-
Type: Improvement
-
Resolution: Unresolved
-
Priority: Major - P3
-
None
-
Affects Version/s: None
-
Component/s: None
-
Server Programmability
We're using futexes to wait on an atomic in the TicketPool, which is a component of the Execution Control rate-limiter and scheduler. This is how we queue waiters and wake them up when a ticket is available.
The problem is that this wait is not interruptible by the MongoDB interruption mechanism, which just sets an atomic flag. To work around that problem, we wait for 500ms and then re-queue.
If we enter a state where most operations queue for more than 500ms, we'll likely enter an undesirable metastable failure state where every operation is queueing, timing out, and re-queueing, which does extra context switching and wastes CPU. 500ms is a lot, but when there are thousands of client threads, this could be problematic.

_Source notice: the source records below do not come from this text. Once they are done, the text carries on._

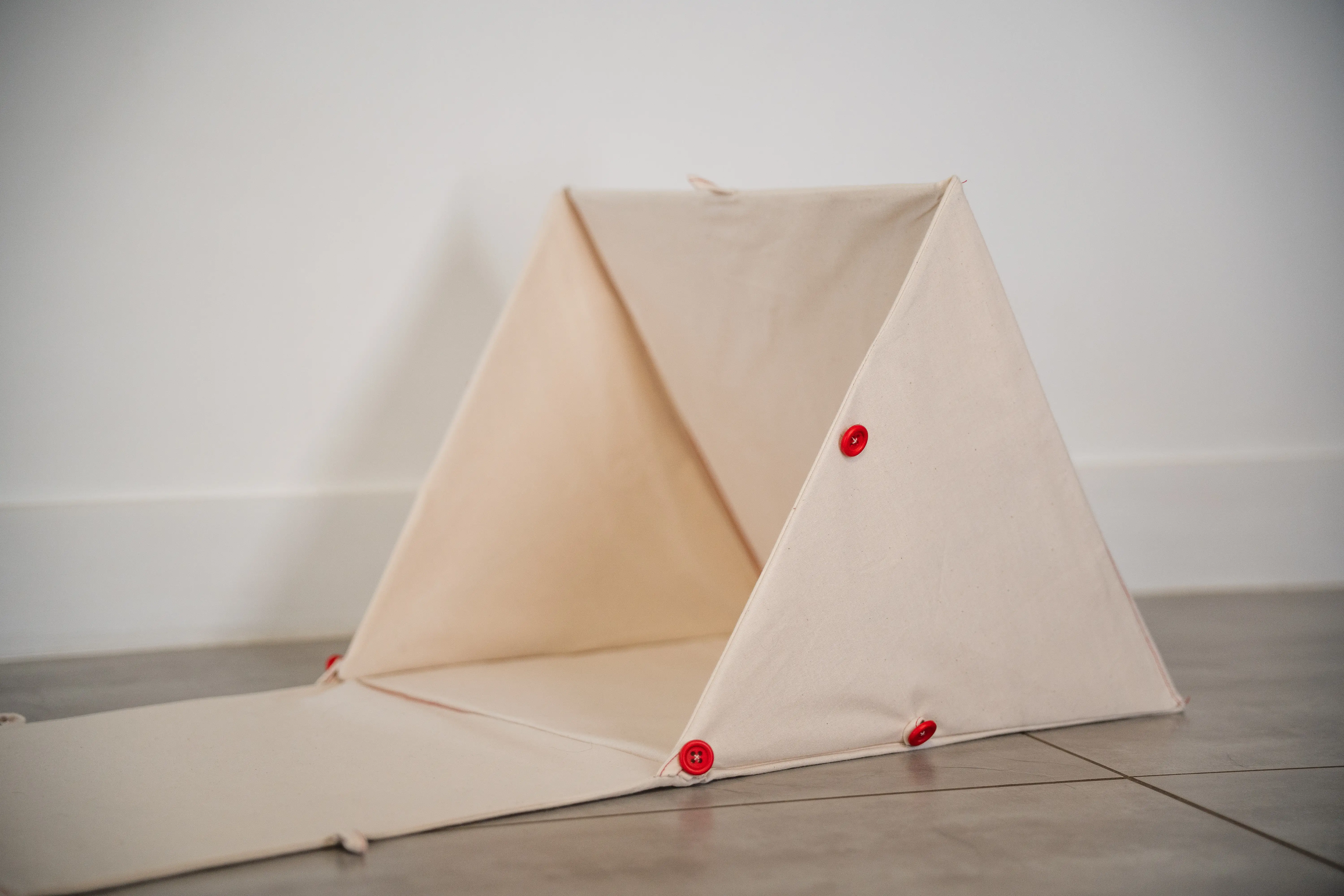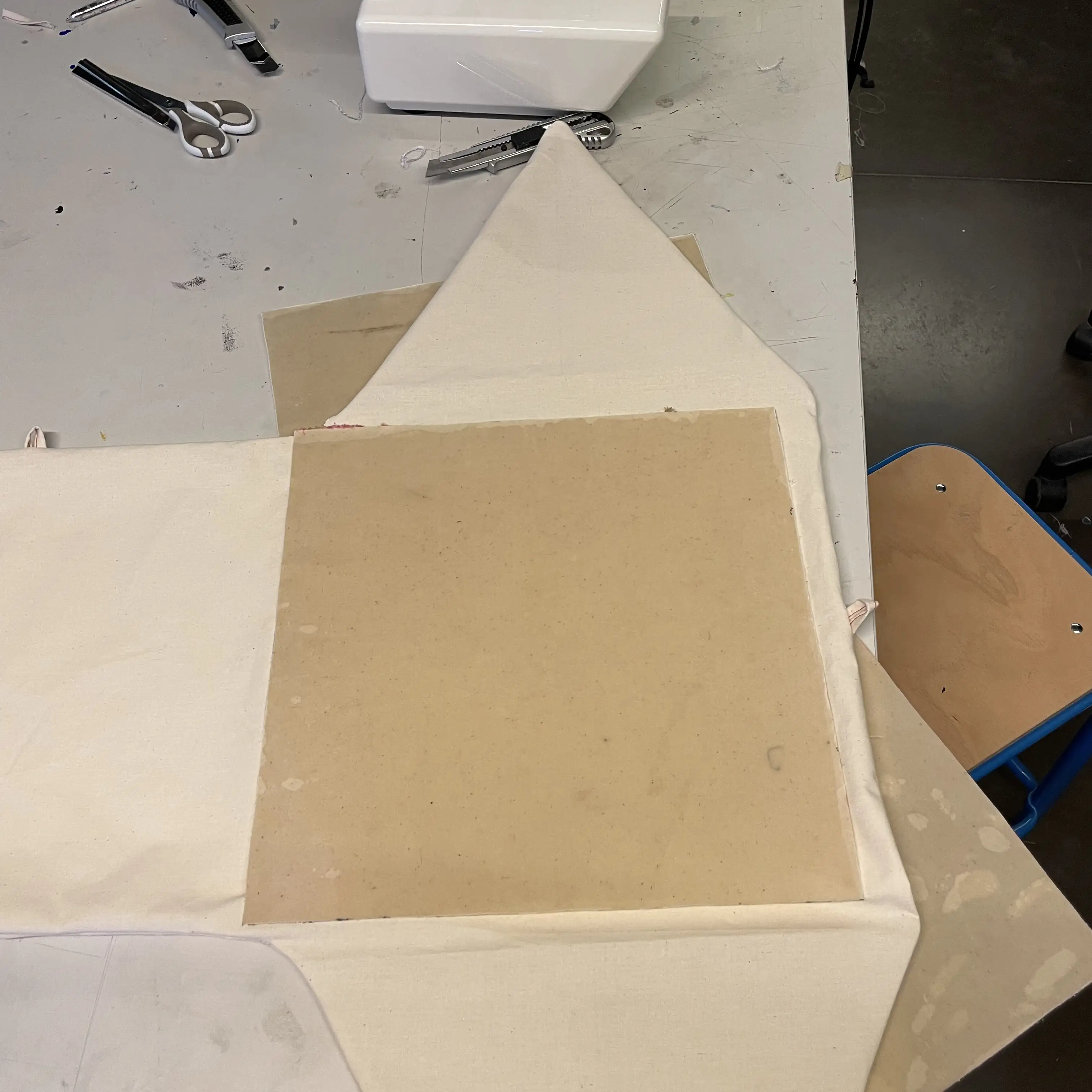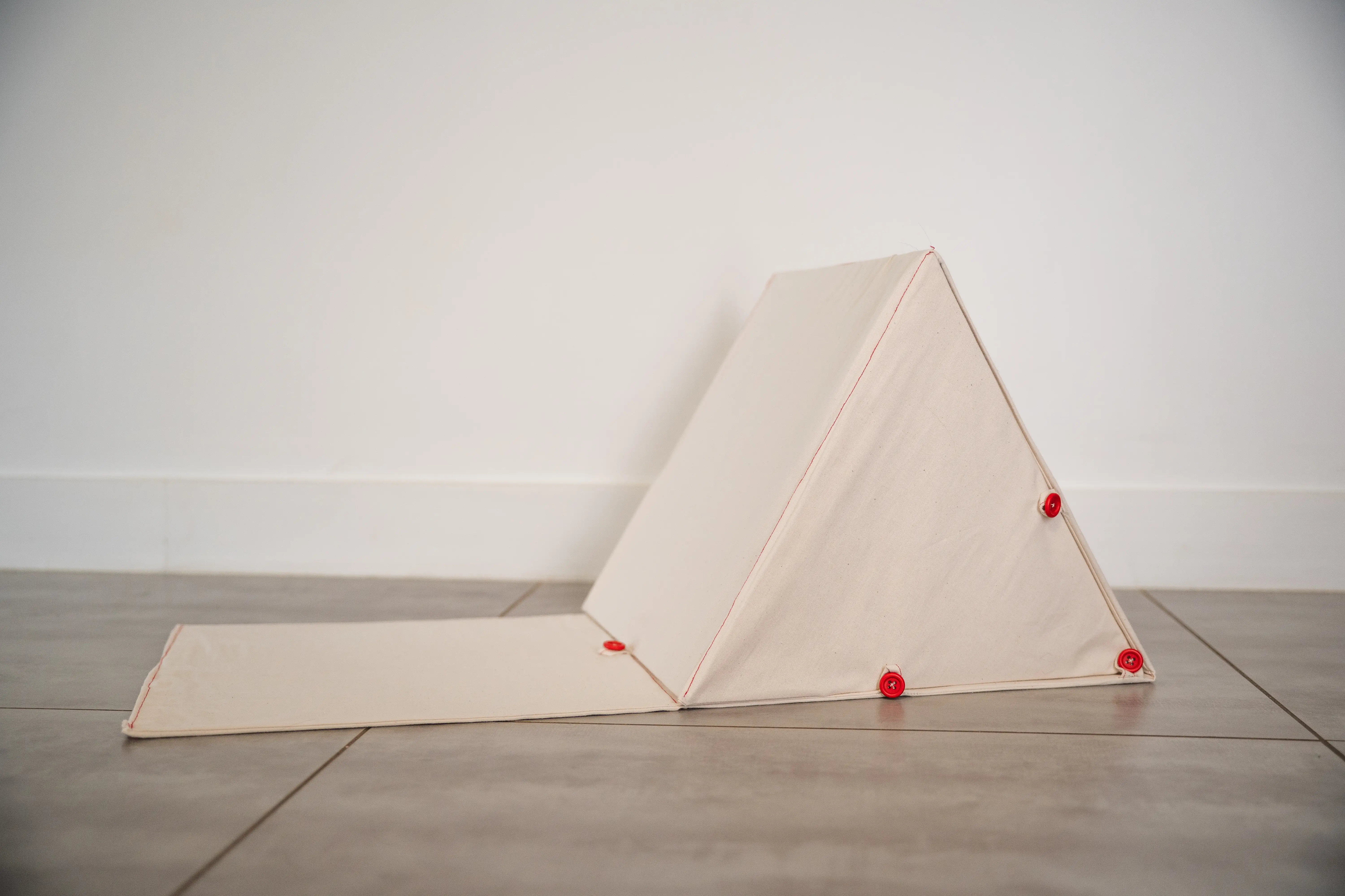 Pocket Chair is a project carried out during a textile experimentation course. I made this project with two friends, Jules Tricquet and Emma Taverna. The brief was to create an object based on the theme of “Deployment.” We came up with the idea of making a chair using resin-coated fabric. Instead of using fabric for its material qualities and flexibility, we used it as an assembly of knots; by rigidifying the base material, we created a strong, rigid panel. We therefore sewed four layers of fabric and then applied seven layers of resin. The resin-coated fabric panels were then slipped over the chair structure like a sock. It is a chair for children—a small portable playground—because once folded, it fits into a tote bag.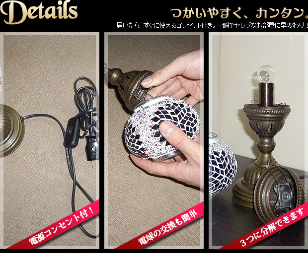 豪華で美麗なあかりを、あなたのお部屋に!古くからトルコに伝わる、伝統のデザイン、モザイクタイルを手作業で施したハンドメイド。そしてこのリーズナブルなプライス、どれをとっても大満足!お隣に差がつく、世界に1つの逸品です。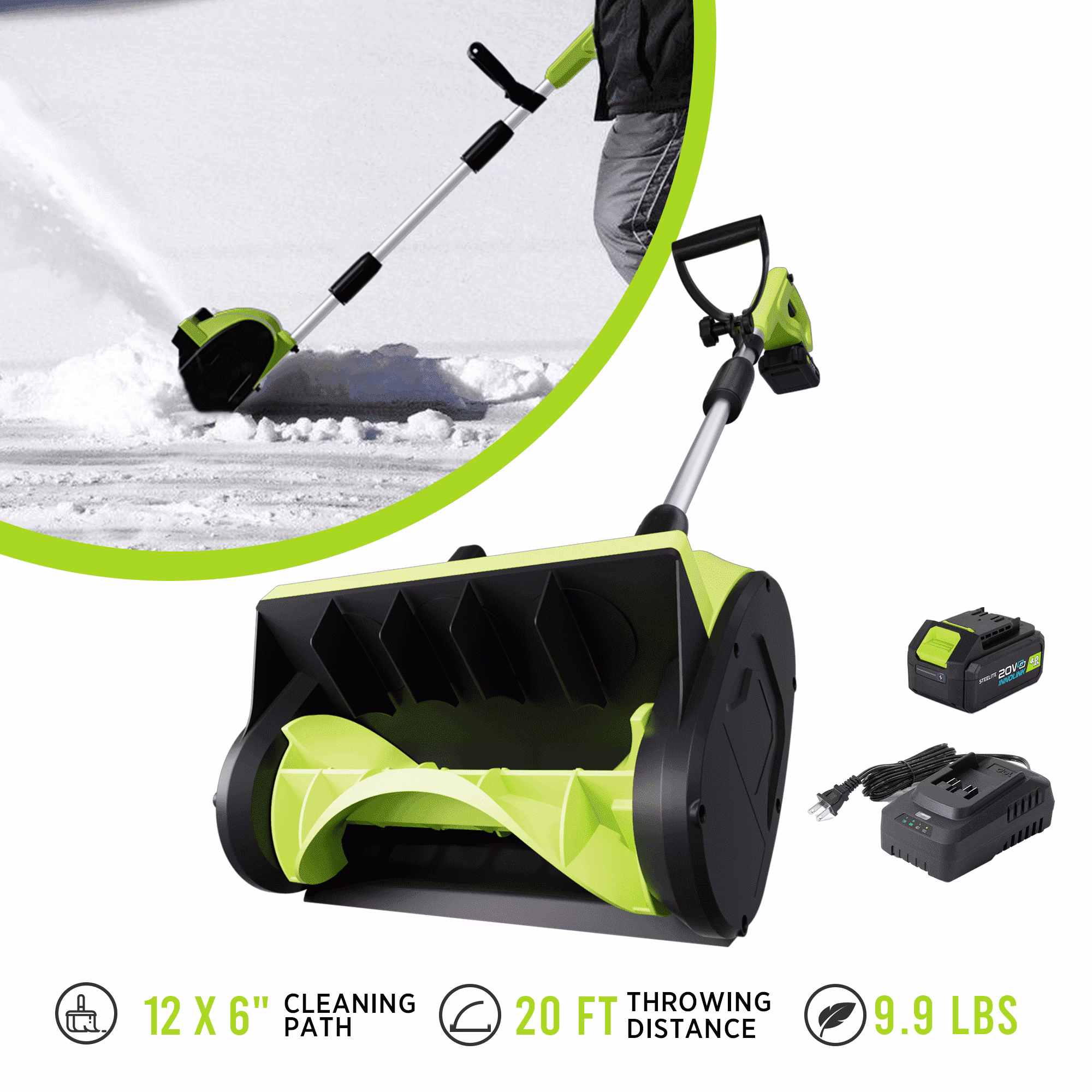 Steelite 21V 12 Inch Cordless Snow Shovel, Battery Powered Snow Blower with Directional Plate & Adjustable Front Handle,4.0-Ah Battery & Quick Charger Included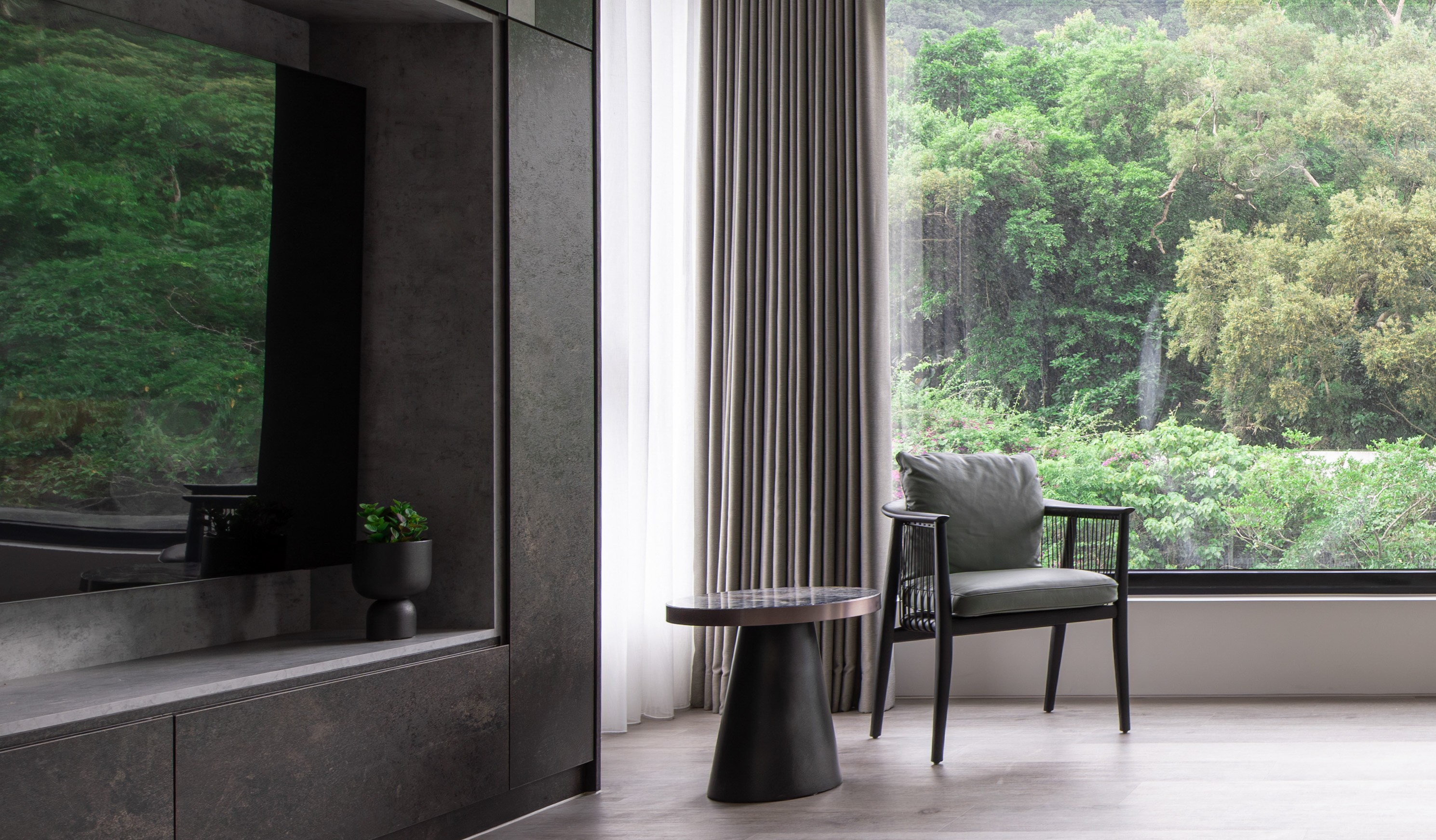 靜翠山居 by xjstudiopress on 十二月 30, 20252025-12-31 天然石材和鍍鈦柱體構築玄關端景,錯落柱體勾勒出自由動線,讓居家場景更為活潑靈活。 銜接室外的立面飾以玻璃,引景入室,讓緣意與光線滲入室內。 餐桌與餐脆底牆的石材互映,凝聚視覺的平衡。緣色石材與灰階櫃體共創沉靜內斂的廚房調性。 在這座被群山與溪流環抱的家宅中,建築不再只是框架,而是充滿感知的舞台,既回應四季更迭,也容納家人間的細微情感。 分享此文: 分享到 Facebook(在新視窗中開啟) Facebook 分享到 X(在新視窗中開啟) X Email a link to a friend(在新視窗中開啟) 電子郵件 喜歡 正在載入... 文章分頁導航 Previous: emma 林淑娟Next: 汯宸企業總部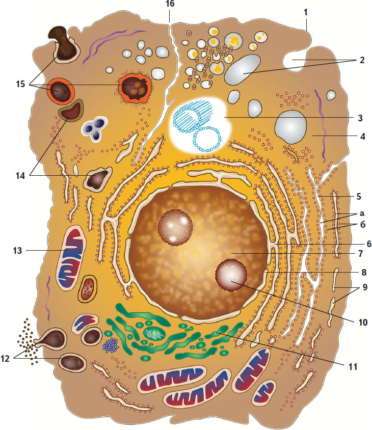 1 – цитолемма (цитоплазматическая мембрана); 2 – пиноцитозные пузырьки; 3 – центросома (клеточный центр; цитоцентр); 4 – гиалоплазма; 5 – зернистая эндоплазматическая сеть: а – мембрана зернистой сети, б – рибосомы; 6 – связь перинуклеарного пространства с полостями эндоплазматической сети; 7 – ядро; 8 – ядерная пора; 9 – незернистая (гладкая) эндоплазматическая сеть; 10 – ядрышко; 11 – внутренний сетчатый аппарат (комплекс Гольджи); 12 – секреторные вакуоли; 13 – митохондрия; 14 – лизосомы; 15 – три последовательные стадии фагоцитоза; 16 – связь клеточной оболочки (цитолеммы) с мембранами эндоплазматической сети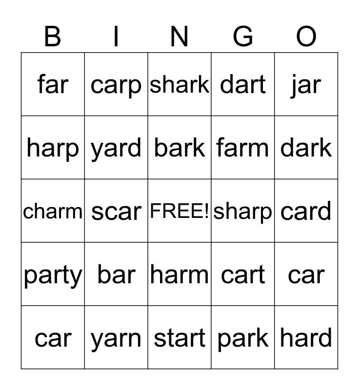 This bingo card has a free space and 24 words: bar, yarn, bark, car, jar, far, harp, carp, sharp, harm, farm, charm, cart, car, yard, park, card, shark, dark, scar, hard, party, dart and start.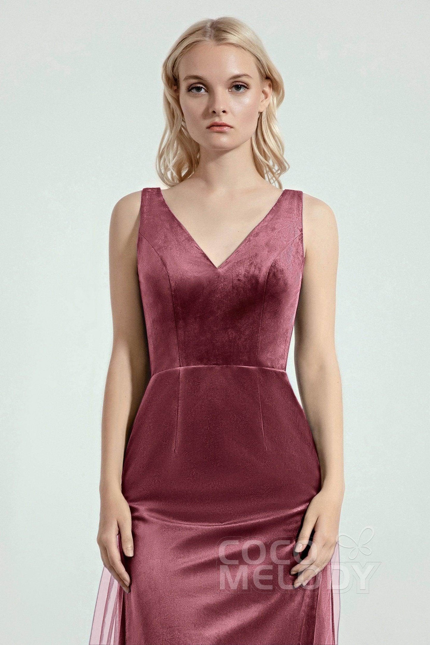 Elegant Sheath-Column V-Neck Natural Floor Length Velvet and Tulle Sleeveless Zipper With Buttons Bridesmaid Dress with Split CB0275CR
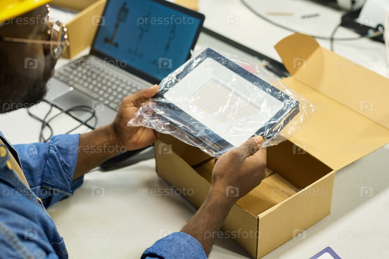 Держите новый электрический элемент над открытой коробкой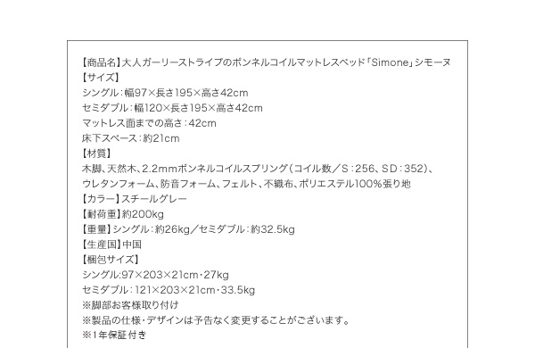 【重量】シングル:約26kg/セミダブル:約32.5kg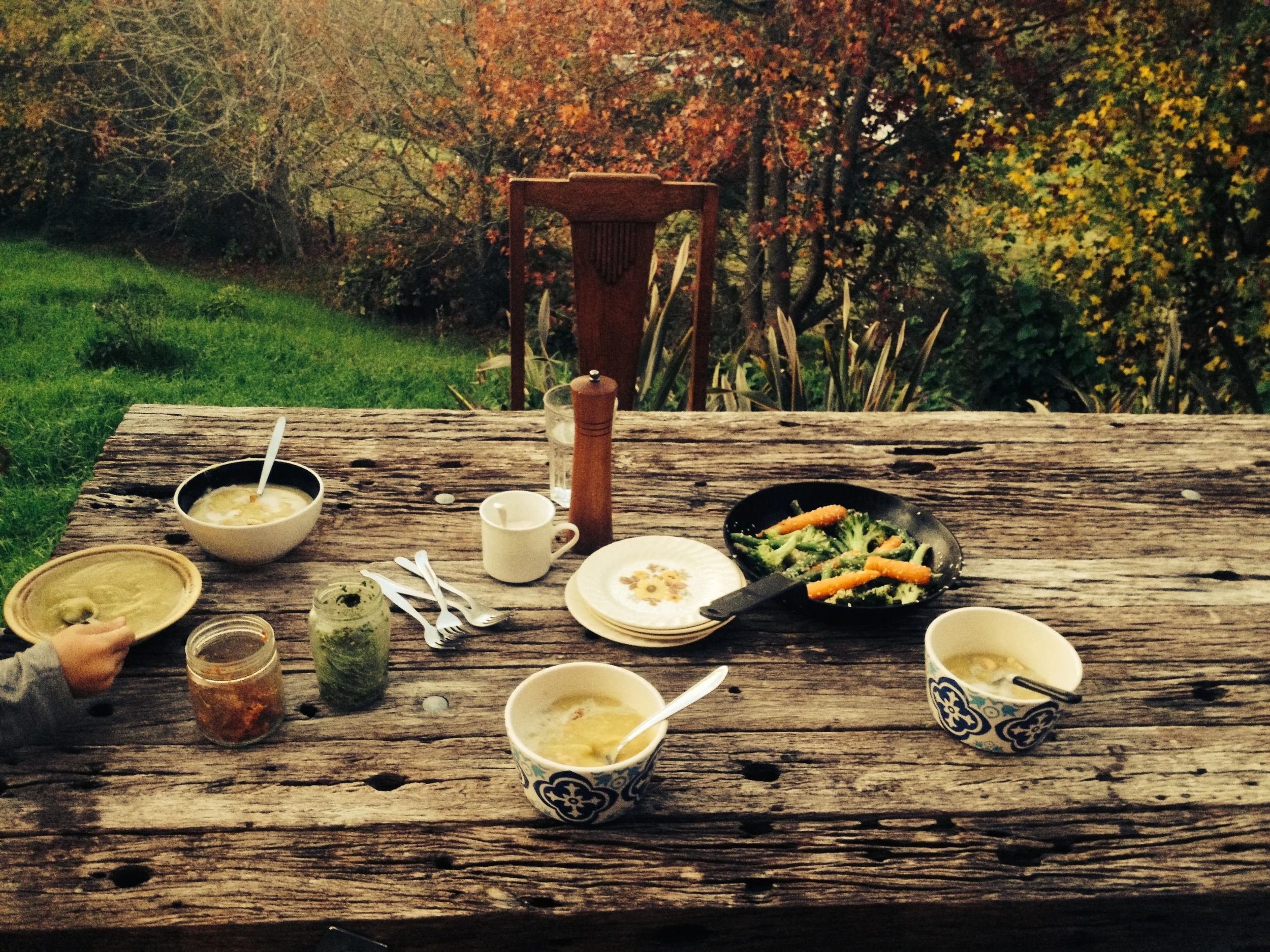Autumn lunch of Warming Dal, veges and homemade red and green pestos.

It would be nice to have a version of OperationContext::waitForAtomicOrInterrupt. The futex syscall supports waiting on multiple atomics at once, so I don't believe this would be complicated to support. Our error codes are all less than the uint32_t max value. One challenge is that just using a futex would circumvent the existing behavior of waitForConditionOrInterrupt, which allows waiters to actively participate in network IO. That said, the ticketholder today is already not participating in this system, so this would not be a change of behavior.